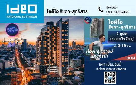 หาคอนโด ใกล้รถไฟฟ้า ห้องแต่งสวย น่าอยู่ แนะนำ Ideo Ratchada-Sutthisan (ไอดีโอ รัชดา-สุทธิสาร)
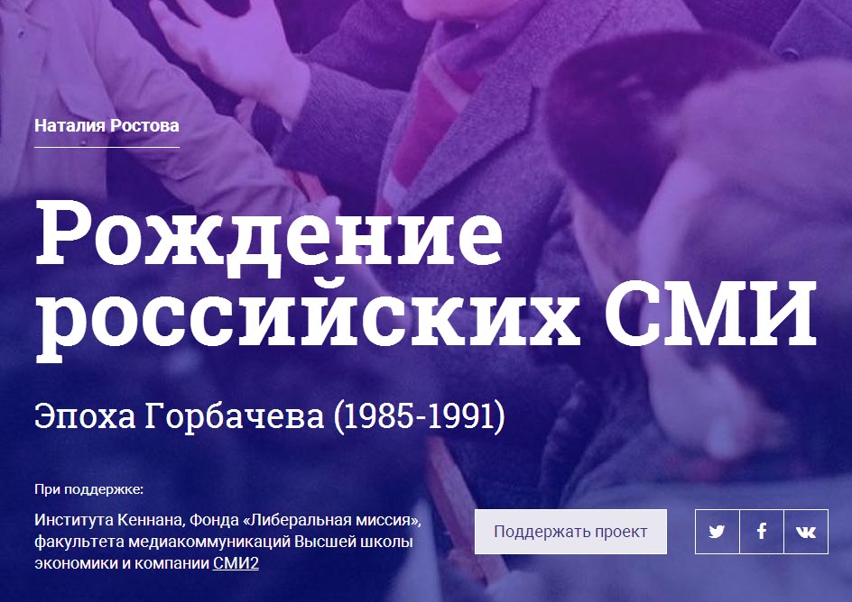 Наталья Ростова: «Горбачев - масштабнейшая историческая фигура, и было бы просто оскорбительно врать на его счет. Не для того он отменил цензуру»ПРЕДСТАВЛЯЕМ НОВЫЙ ИНТЕРНЕТ ПРОЕКТ «РОЖДЕНИЕ РОССИЙСКИХ СМИ» Представляем вниманию посетителей сайта Горбачев-Фонда интернет-проект журналистки Наталии Ростовой "Рождение российских СМИ" (1985-1991), посвященный роли и эволюции средств массовой информации в эпоху Перестройки.Интернет-проект "Рождение российских СМИ" содержит не только ключевые публикации периода Перестройки, но и интервью Наталии Ростовой с главными редакторами и журналистами того времени, что позволяет получить более объемное представление о роли средств массовой информации в перестроечных процессах, меняющихся отношениях между партийно-государственным аппаратом и журналистами и стремительной утрате КПСС монополии на информацию.
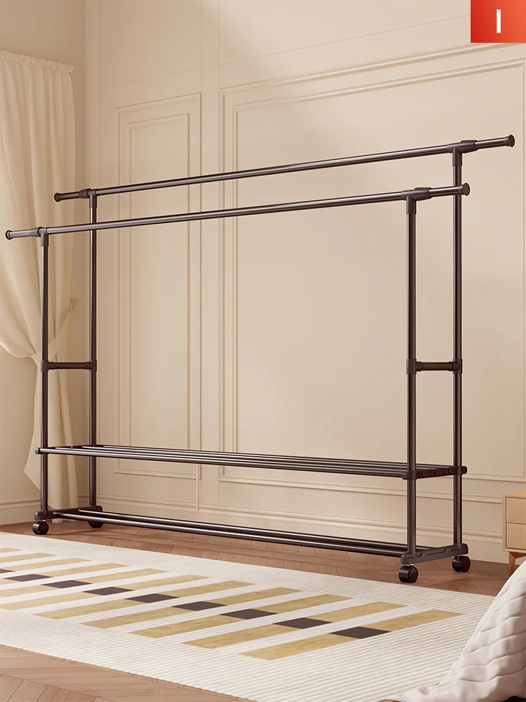 キャスター付き移動可能な衣類ハンガー - 寝室やリビングに最適な多機能衣類ラック!シンプルで使いやすく、家の中での衣類整理やディスプレイに便利です。おしゃれなコート掛けとしても活躍!
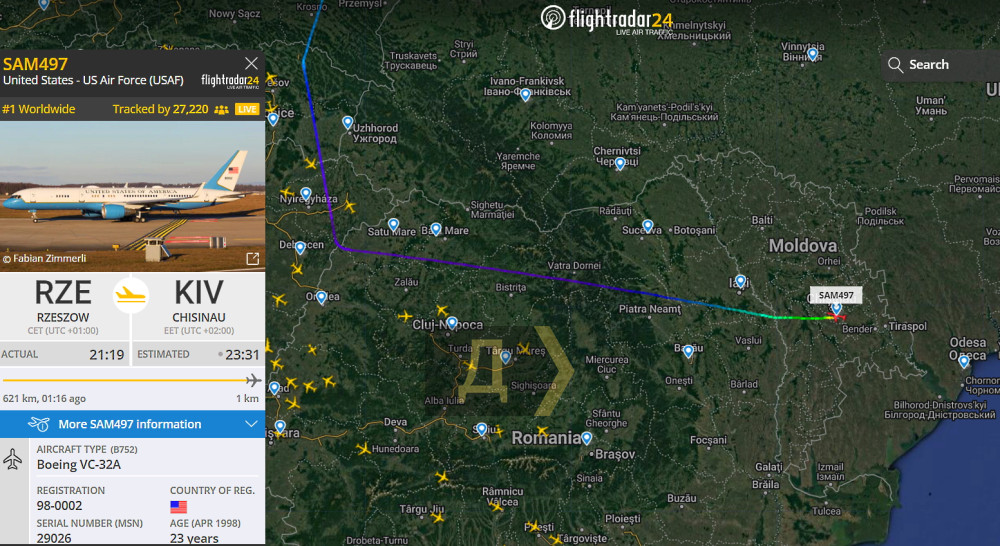 Правительственный Boeing VC-32A (модификация пассажирского Boeing757) коснулся ВПП Кишинева в 23:45.
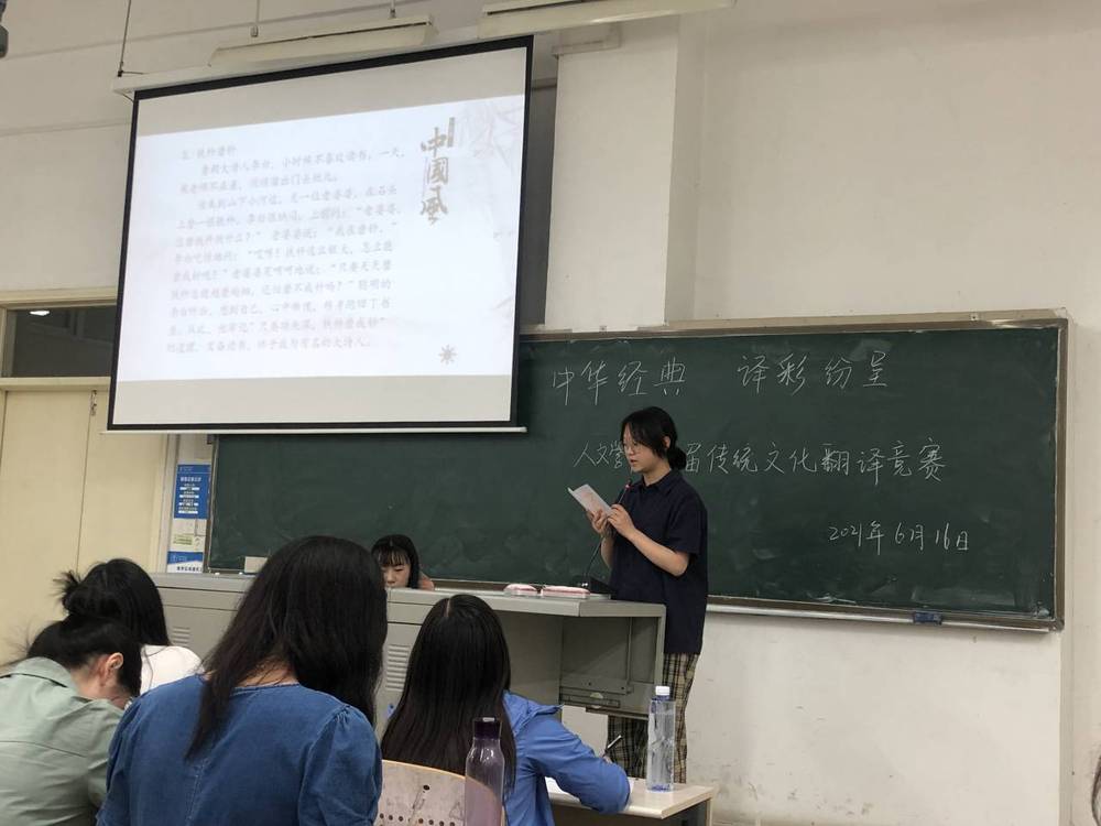 2021年6月16日,人文学院传承经典英语翻译大赛决赛于日益楼117教室成功举办,本次赛事通过使用英文翻译中国古典诗歌、中华经典成语、中华传统美德故事等方式,选拔书面、口头翻译才能兼备的同学。大赛有助于提升学生口笔译水平,调动学生用英语讲好中国故事,传播中华文化,推动中西方文化交流。
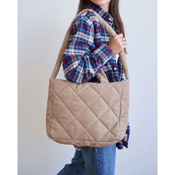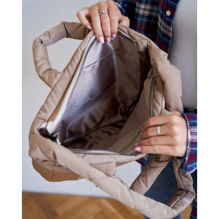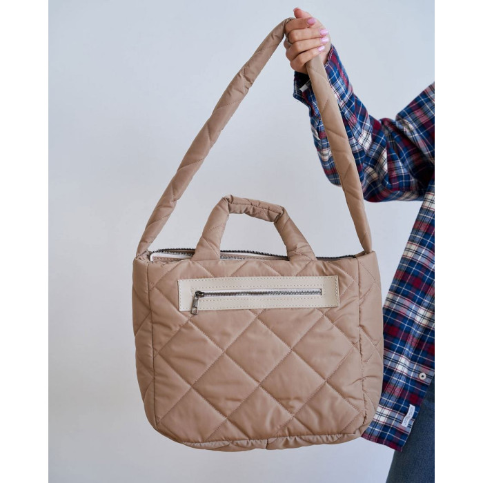 Нейлоновая женская стеганая молодежная сумка 67514 от производителя «Welassie» Украина из материалов высокого качества,цвет бежевый. Сумка открывается при помощи молнии. Внутри сумка на плотной подкладке. Сумка имеет два кармана: на молнии и открытый. Высота ручек 17 см., Длина плечевого ремня 84см.
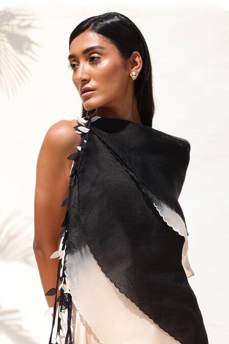 Ivory & black gown featuring layered draped panels and one side draped sleeve
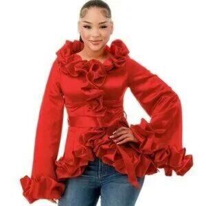 Make a bold entrance with this red satin ruffle wrap blouse, featuring oversized bell sleeves, tiered ruffle trim, and a cinched waist tie for a flattering silhouette. This dramatic top is perfect for birthdays, date nights, or fashion-forward events.
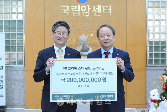 한편 KB국민은행은 국립암센터에 2014년부터 매년 기부금 지원을 통해 희귀암, 백혈병 등을 앓고 있는 159명의 암환우에게 희망을 전달했으며, 누적 기부금액은 8억원에 이른다. 최근에는 다문화 가정 등 저소득 환자 진료비 지원을 위한 기부금 1억원을 여의도 성모병원에 전달하기도 했다.
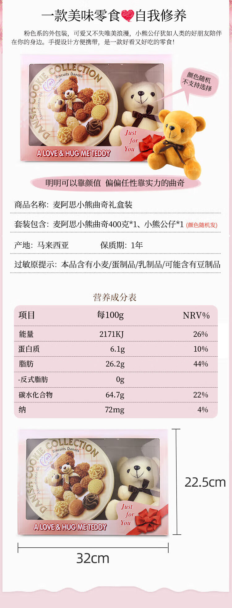 麦阿思小熊松脆曲奇饼干礼盒400g
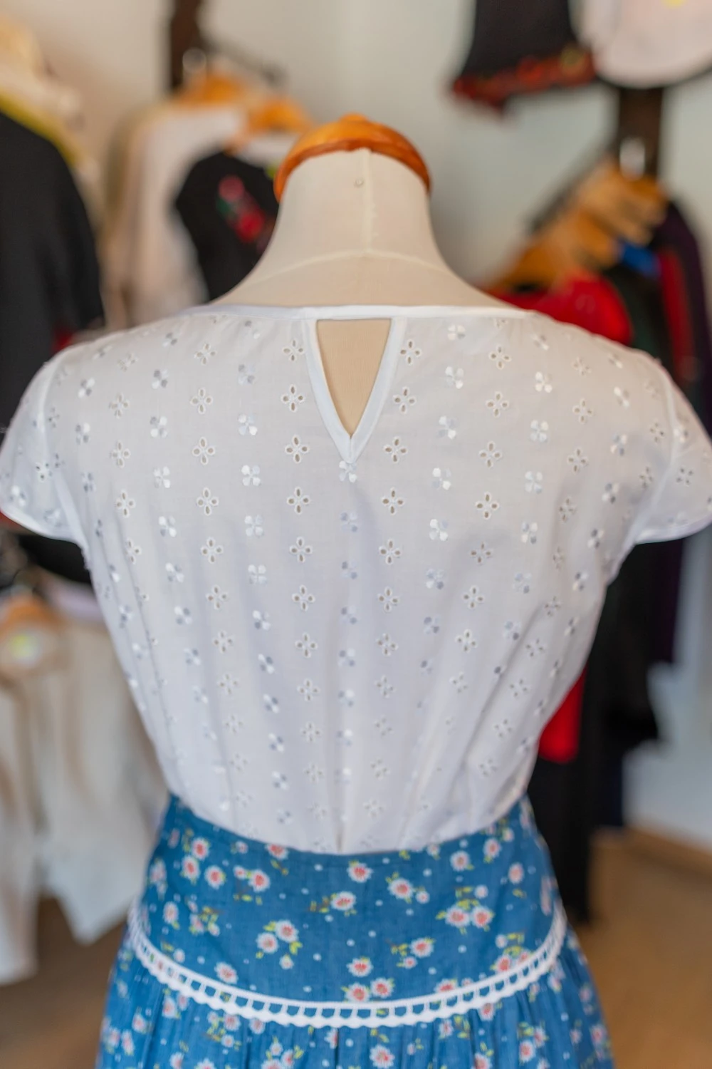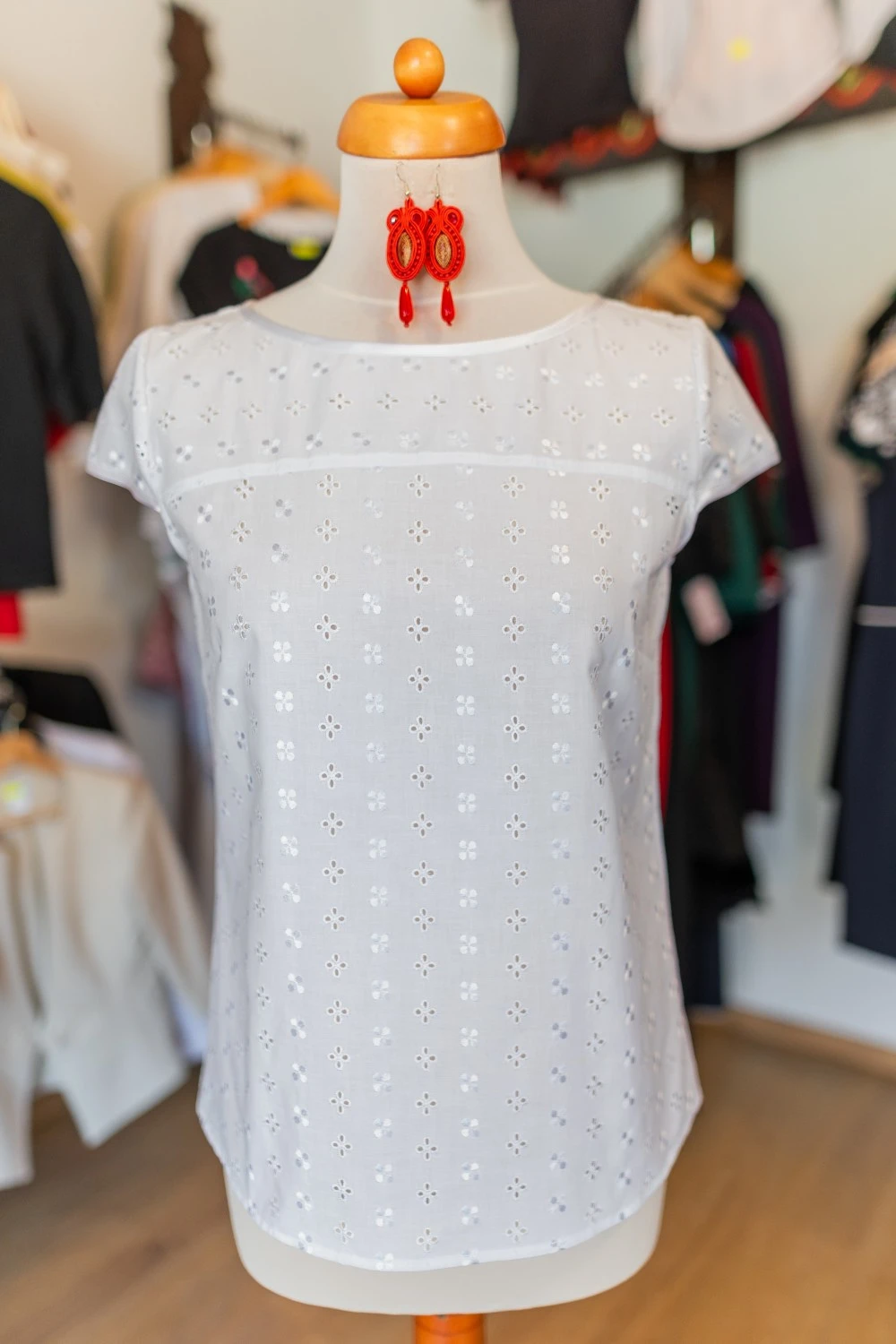 Az Adél blúz elegáns és nőies darab, amely finom madeira anyagból készült, könnyed viseletet biztosítva a mindennapokban és alkalmakra egyaránt. Letisztult szabása és aprólékos hímzett mintázata időtlen stílust kölcsönöz, amely könnyen kombinálható szoknyával vagy nadrággal is.
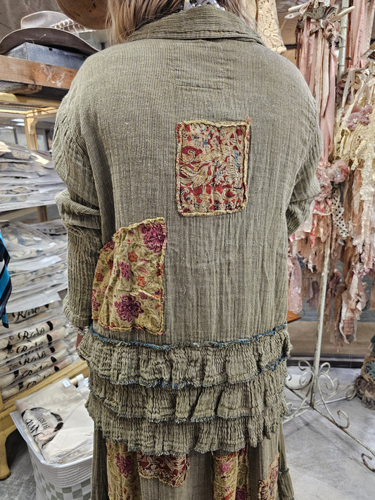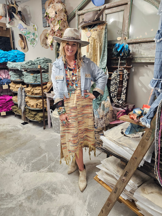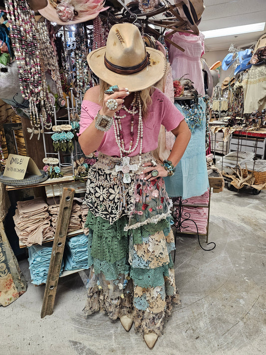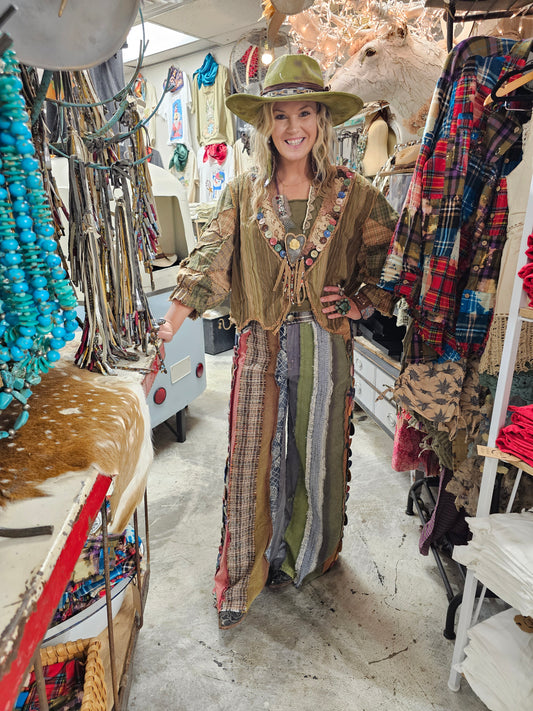 Stitched, jeweled, patched, and sewn by hand. Be the gorgeous person in the room wearing A Rare Bird!
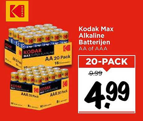 Ontdek de geweldige Kodak Max Alkaline Batterijen aanbieding in de nieuwste Vomar folder. Naast deze aanbieding vind je nog veel meer aantrekkelijke kortingen. Je kunt de Kodak Max Alkaline Batterijen eenvoudig online bestellen via de Vomar website of kopen in een winkel bij jou in de buurt.
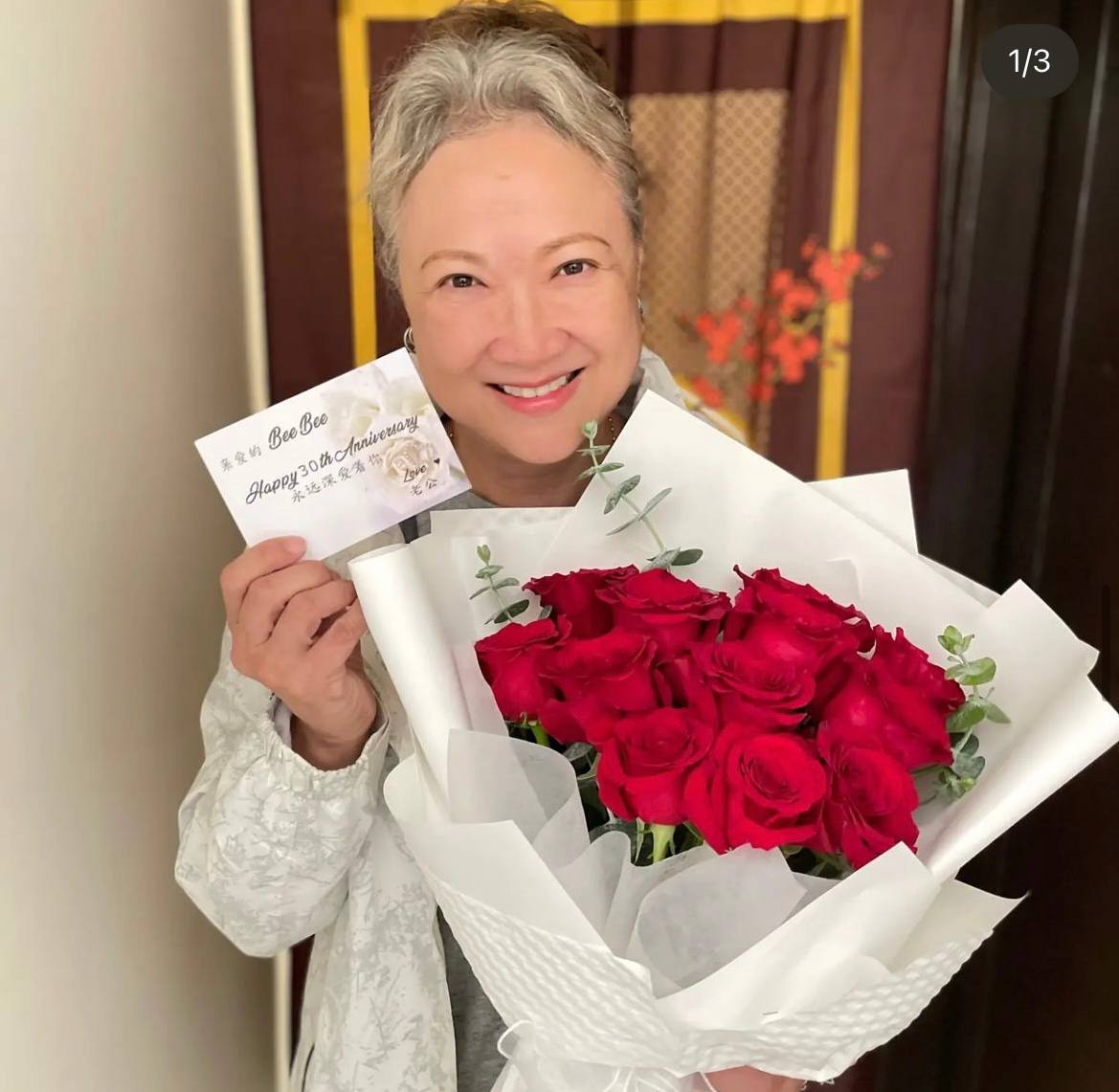 It's true when they say the small things are what keep a happy marriage going. Huifang, who has been working on a drama in Taiwan, received a bouquet of roses from her hubby Geping in celebration of their 30th wedding anniversary.
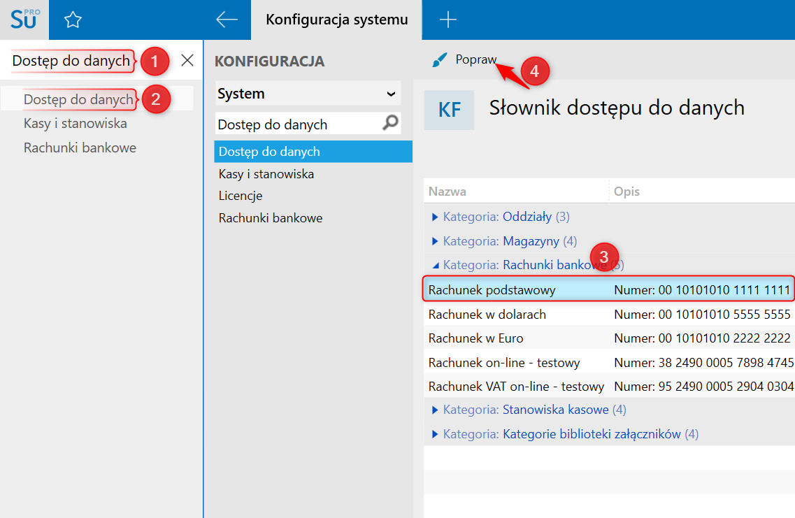 1. W lewym, górnym rogu programu, w wyszukiwarce wpisać Dostęp do danych, wejść w wyszukany moduł, zaznaczyć odpowiedni Rachunek bankowy i kliknąć górne menu Popraw.
# # # #
Would you retype each line above exactly and skip every image?

▸ Result of the task
 หาคอนโด ใกล้รถไฟฟ้า ห้องแต่งสวย น่าอยู่ แนะนำ Ideo Ratchada-Sutthisan (ไอดีโอ รัชดา-สุทธิสาร)
 Наталья Ростова: «Горбачев - масштабнейшая историческая фигура, и было бы просто оскорбительно врать на его счет. Не для того он отменил цензуру»ПРЕДСТАВЛЯЕМ НОВЫЙ ИНТЕРНЕТ ПРОЕКТ «РОЖДЕНИЕ РОССИЙСКИХ СМИ» Представляем вниманию посетителей сайта Горбачев-Фонда интернет-проект журналистки Наталии Ростовой "Рождение российских СМИ" (1985-1991), посвященный роли и эволюции средств массовой информации в эпоху Перестройки.Интернет-проект "Рождение российских СМИ" содержит не только ключевые публикации периода Перестройки, но и интервью Наталии Ростовой с главными редакторами и журналистами того времени, что позволяет получить более объемное представление о роли средств массовой информации в перестроечных процессах, меняющихся отношениях между партийно-государственным аппаратом и журналистами и стремительной утрате КПСС монополии на информацию.
 キャスター付き移動可能な衣類ハンガー - 寝室やリビングに最適な多機能衣類ラック!シンプルで使いやすく、家の中での衣類整理やディスプレイに便利です。おしゃれなコート掛けとしても活躍!
 Правительственный Boeing VC-32A (модификация пассажирского Boeing757) коснулся ВПП Кишинева в 23:45.
 2021年6月16日,人文学院传承经典英语翻译大赛决赛于日益楼117教室成功举办,本次赛事通过使用英文翻译中国古典诗歌、中华经典成语、中华传统美德故事等方式,选拔书面、口头翻译才能兼备的同学。大赛有助于提升学生口笔译水平,调动学生用英语讲好中国故事,传播中华文化,推动中西方文化交流。
 Нейлоновая женская стеганая молодежная сумка 67514 от производителя «Welassie» Украина из материалов высокого качества,цвет бежевый. Сумка открывается при помощи молнии. Внутри сумка на плотной подкладке. Сумка имеет два кармана: на молнии и открытый. Высота ручек 17 см., Длина плечевого ремня 84см.
 Ivory & black gown featuring layered draped panels and one side draped sleeve
 Make a bold entrance with this red satin ruffle wrap blouse, featuring oversized bell sleeves, tiered ruffle trim, and a cinched waist tie for a flattering silhouette. This dramatic top is perfect for birthdays, date nights, or fashion-forward events.
 한편 KB국민은행은 국립암센터에 2014년부터 매년 기부금 지원을 통해 희귀암, 백혈병 등을 앓고 있는 159명의 암환우에게 희망을 전달했으며, 누적 기부금액은 8억원에 이른다. 최근에는 다문화 가정 등 저소득 환자 진료비 지원을 위한 기부금 1억원을 여의도 성모병원에 전달하기도 했다.
 麦阿思小熊松脆曲奇饼干礼盒400g
 Az Adél blúz elegáns és nőies darab, amely finom madeira anyagból készült, könnyed viseletet biztosítva a mindennapokban és alkalmakra egyaránt. Letisztult szabása és aprólékos hímzett mintázata időtlen stílust kölcsönöz, amely könnyen kombinálható szoknyával vagy nadrággal is.
 Stitched, jeweled, patched, and sewn by hand. Be the gorgeous person in the room wearing A Rare Bird!
 Ontdek de geweldige Kodak Max Alkaline Batterijen aanbieding in de nieuwste Vomar folder. Naast deze aanbieding vind je nog veel meer aantrekkelijke kortingen. Je kunt de Kodak Max Alkaline Batterijen eenvoudig online bestellen via de Vomar website of kopen in een winkel bij jou in de buurt.
 It's true when they say the small things are what keep a happy marriage going. Huifang, who has been working on a drama in Taiwan, received a bouquet of roses from her hubby Geping in celebration of their 30th wedding anniversary.
 1. W lewym, górnym rogu programu, w wyszukiwarce wpisać Dostęp do danych, wejść w wyszukany moduł, zaznaczyć odpowiedni Rachunek bankowy i kliknąć górne menu Popraw.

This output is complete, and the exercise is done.